(INSTRUCTIONS TO FOLLOW): Extract the line that contains "十分钟、二十分钟……水渐渐开" and every line after it through the end of the records below, exactly as written, leaving out any pictures.

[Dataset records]
-*-
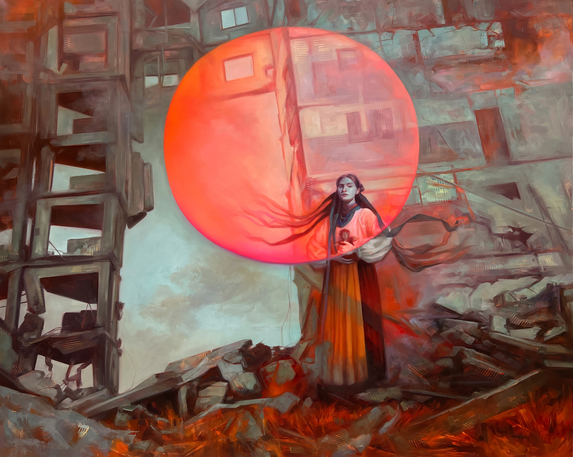 Zigaloe, Ourstory, 2025. Oil on panel, 48" x 36".
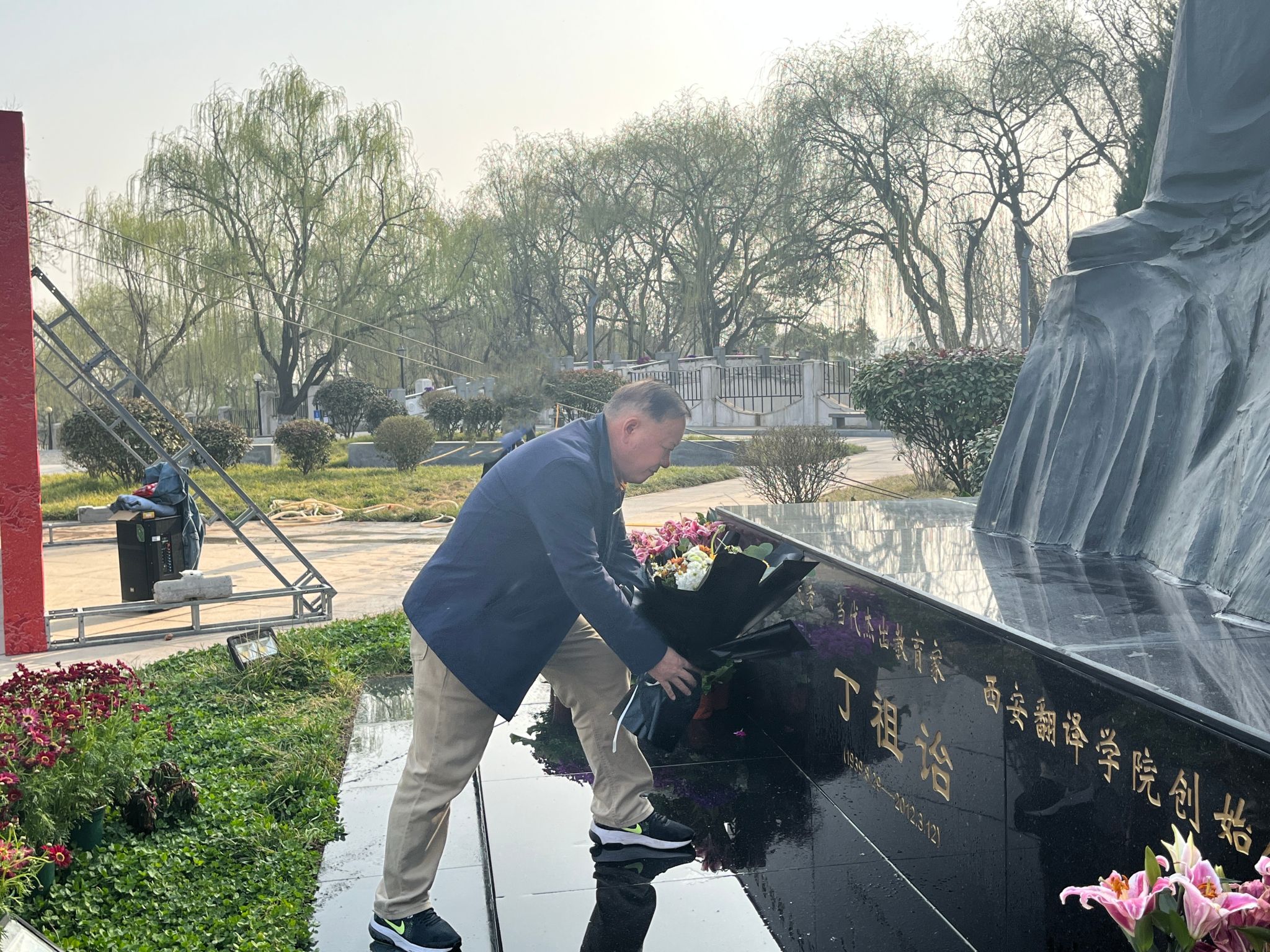 高级翻译学院院长袁小陆向丁祖诒老院长敬献花束,并带领大家向丁祖诒院长塑像三鞠躬致以崇高的敬意和深切的悼念。
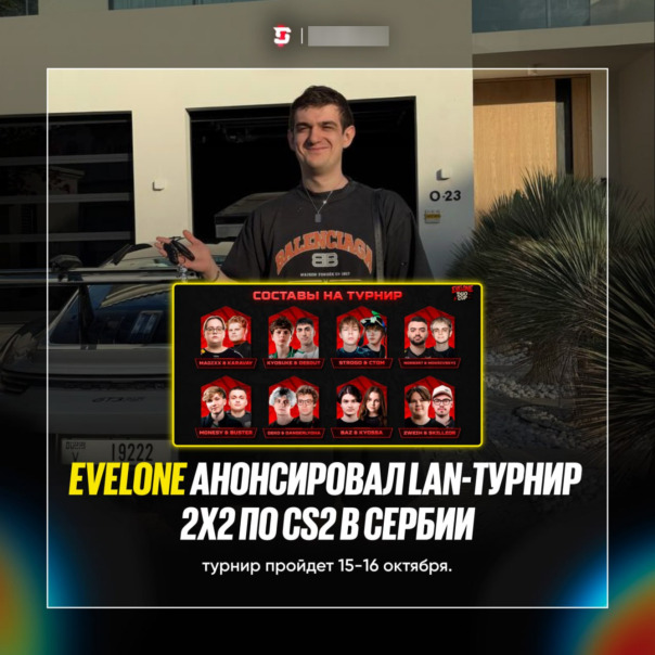 #Evelone анонсировал LAN-турнир 2x2 по CS2 среди стримеров и киберспортсменов
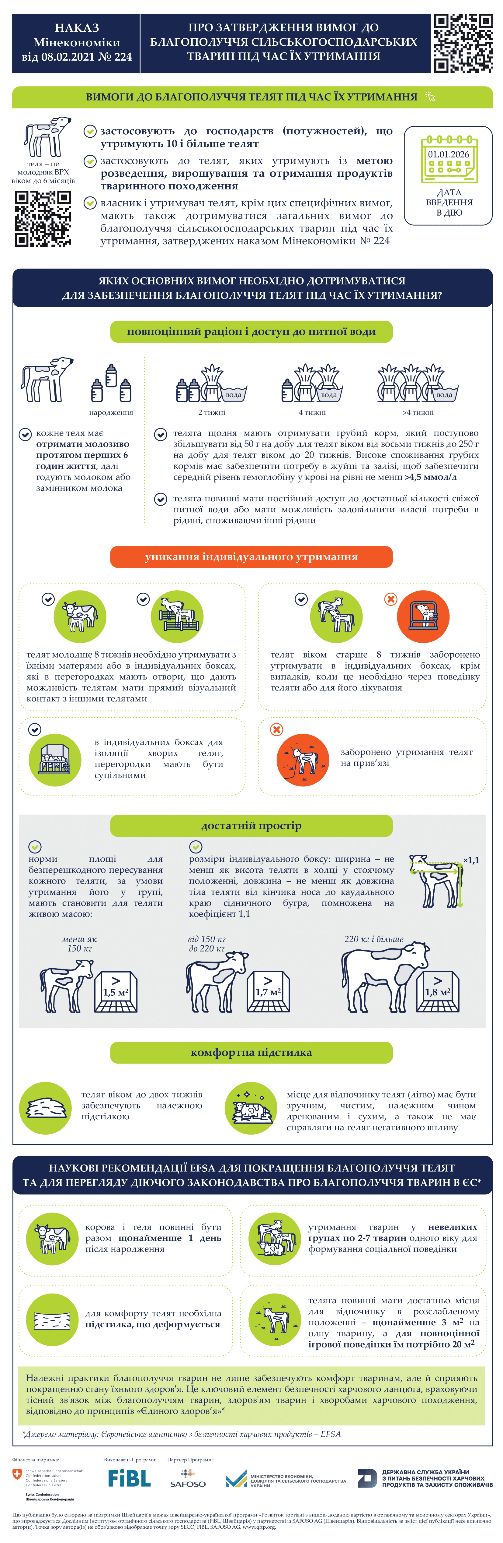 - наказ Міністерства розвитку економіки, торгівлі та сільського господарства України від 08.02.2021 № 224 “Про затвердження Вимог до благополуччя сільськогосподарських тварин під час їх утримання”
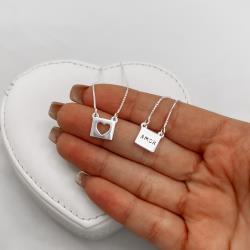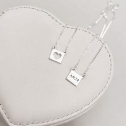 Escapulário medalhas amor e coração vazado v15 60cm | Mya Prata
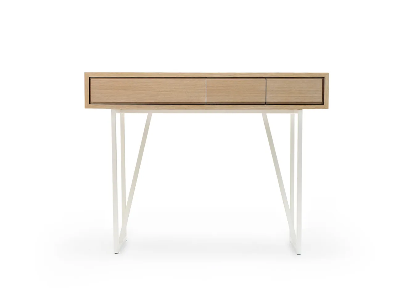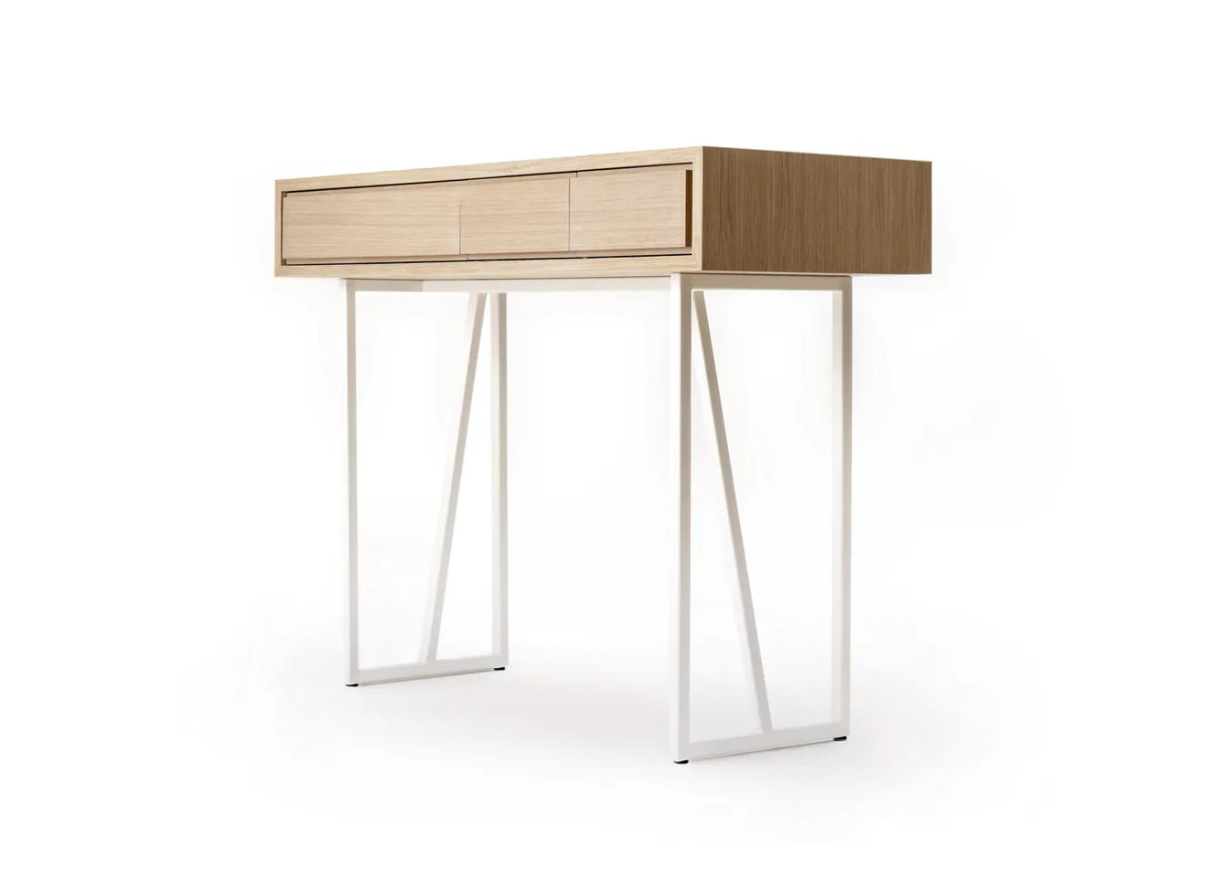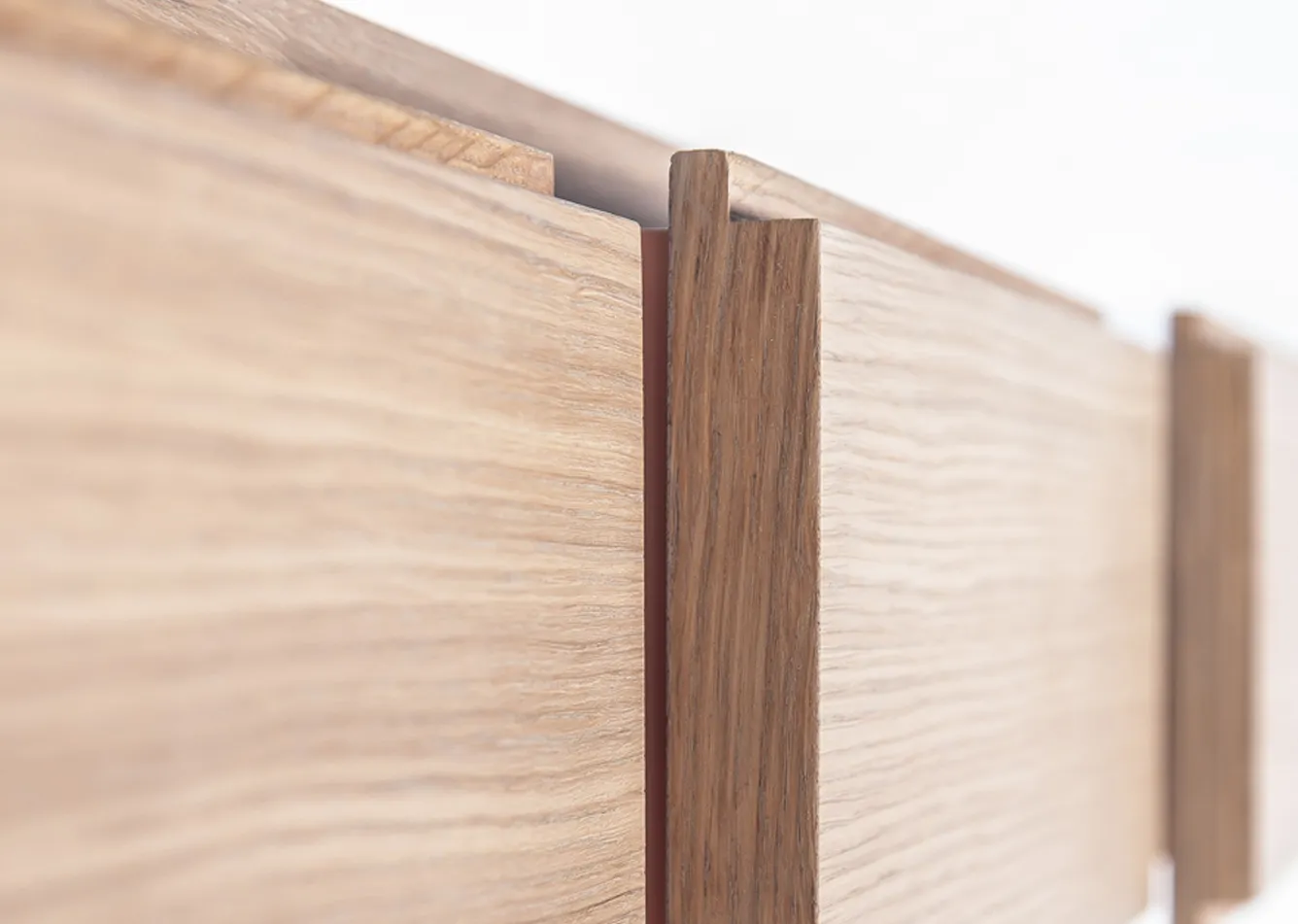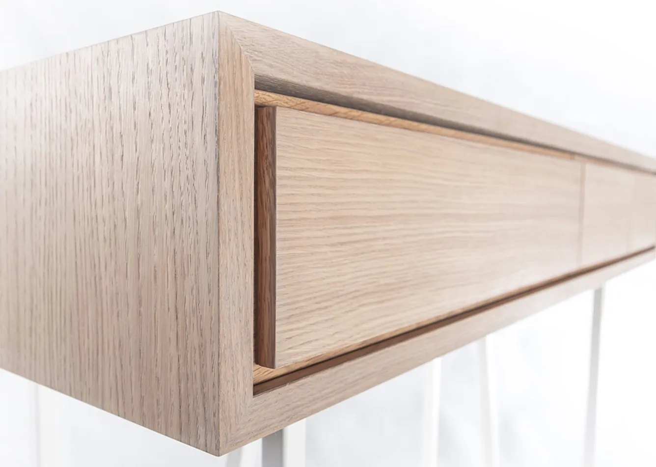 Precyzyjne wykonanie i najwyższej jakości materiały dodają temu połączeniu elegancji. Prosta drewniana forma sprawia wrażenie jakby unosiła się nad ziemią. Odsłania się powoli. Swoje intrygujące wnętrze pokazuje dopiero za asymetrycznymi frontami dębowych szuflad.
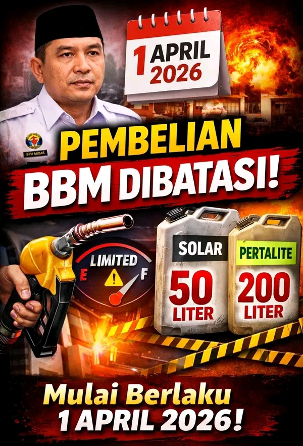 Aturan ini tertuang dalam Keputusan Kepala Badan Pengatur Hilir Minyak dan Gas Bumi (BPH Migas) Nomor 024/KOM/BPH.DBBM/2026 yang ditandatangani oleh Wahyudi Anas pada 30 Maret 2026. Kebijakan tersebut merupakan hasil Rapat Terbatas Kabinet pada 28 Maret 2026 sebagai langkah antisipasi menghadapi potensi krisis energi akibat konflik global, khususnya di kawasan Timur Tengah.
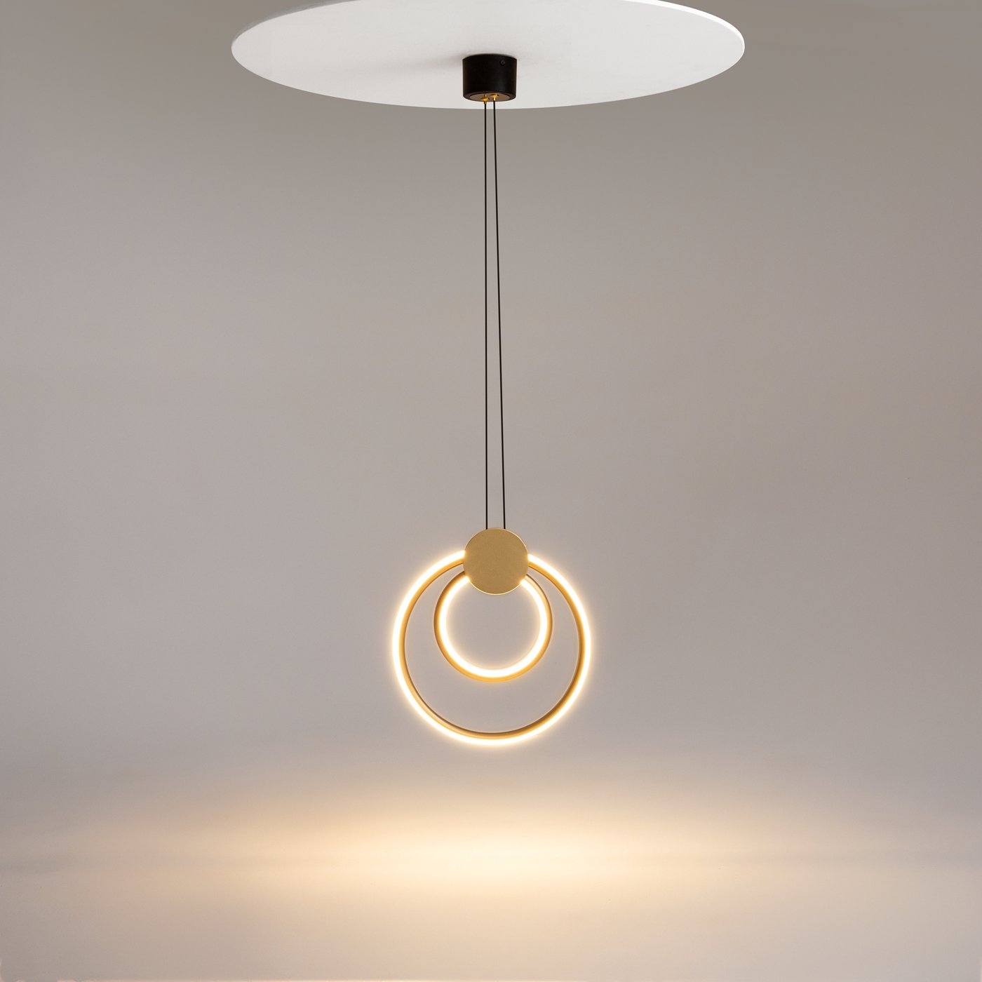Серия светильников Link (англ. - звено) — воплощение идеального сочетания функциональности и эстетики. Декоративные LED-кольца с направленным извне светом обеспечивают высокий световой поток, позволяя использовать их для основного освещения. В серии множество типов светильников с разными вариациями креплений светодиодных колец - удобное решение для создания световых сценариев в помещении. Арматура в цвете латуни с контрастными черными декоративными деталями. Светодиодный источник света скрыт акриловым рассеивателем полупрозрачного белого цвета.
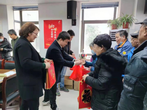 聯(lián)合社區(qū)居委深入群眾之中,向小區(qū)居民拜年,贈送春聯(lián)、米糕等春節(jié)禮品。
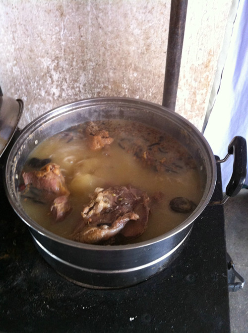 十分钟、二十分钟……水渐渐开了,妈妈又用漏网将一些汤沫和肉渣捞出来,之后又让它煮。两个小时后,肉终于熟了,闻着香喷喷的肉,我直流涎水,于是甩开嘴巴大吃了一顿。
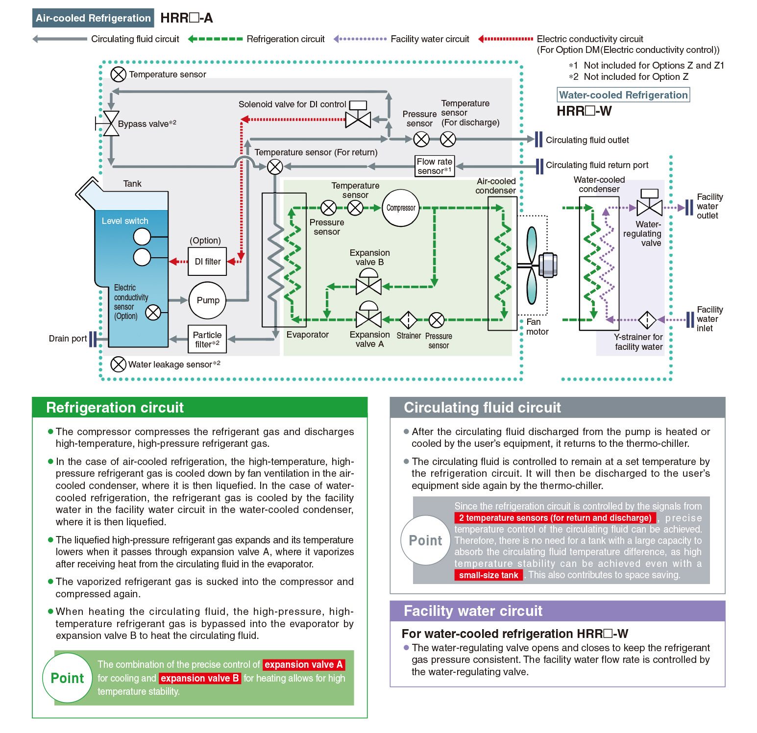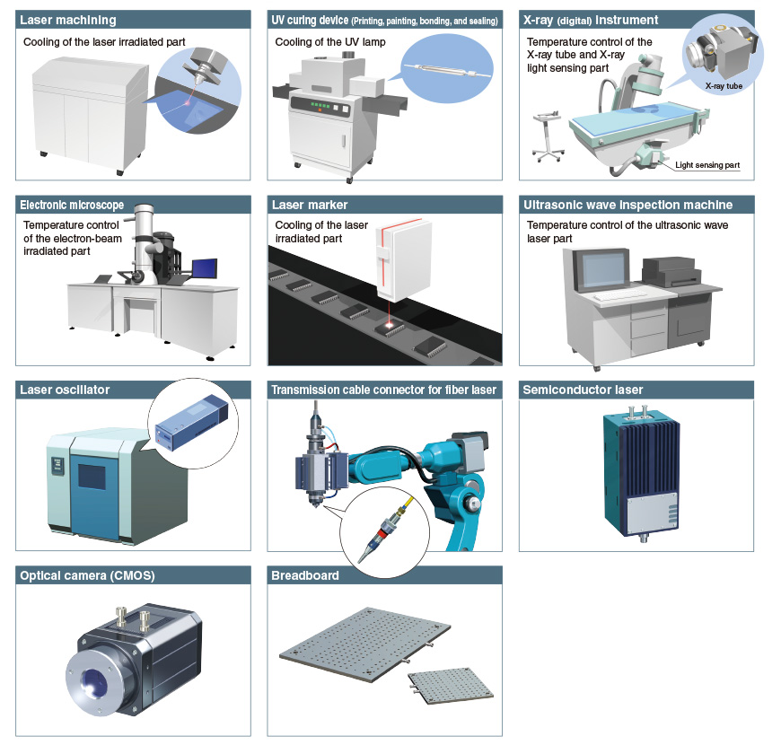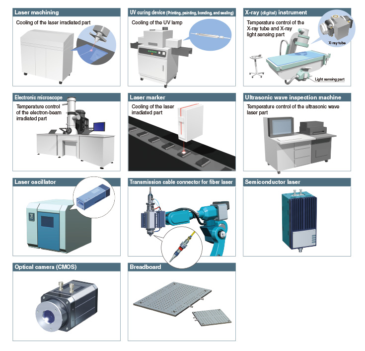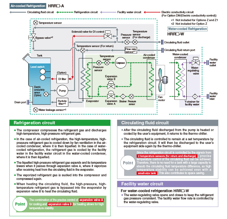 A precision temperature control method which utilizes expansion valves and temperature sensors allowed for the realization of a product with a high temperature stability of ±0.1°C.
-*-
(TASK RESULT):
 十分钟、二十分钟……水渐渐开了,妈妈又用漏网将一些汤沫和肉渣捞出来,之后又让它煮。两个小时后,肉终于熟了,闻着香喷喷的肉,我直流涎水,于是甩开嘴巴大吃了一顿。
 A precision temperature control method which utilizes expansion valves and temperature sensors allowed for the realization of a product with a high temperature stability of ±0.1°C.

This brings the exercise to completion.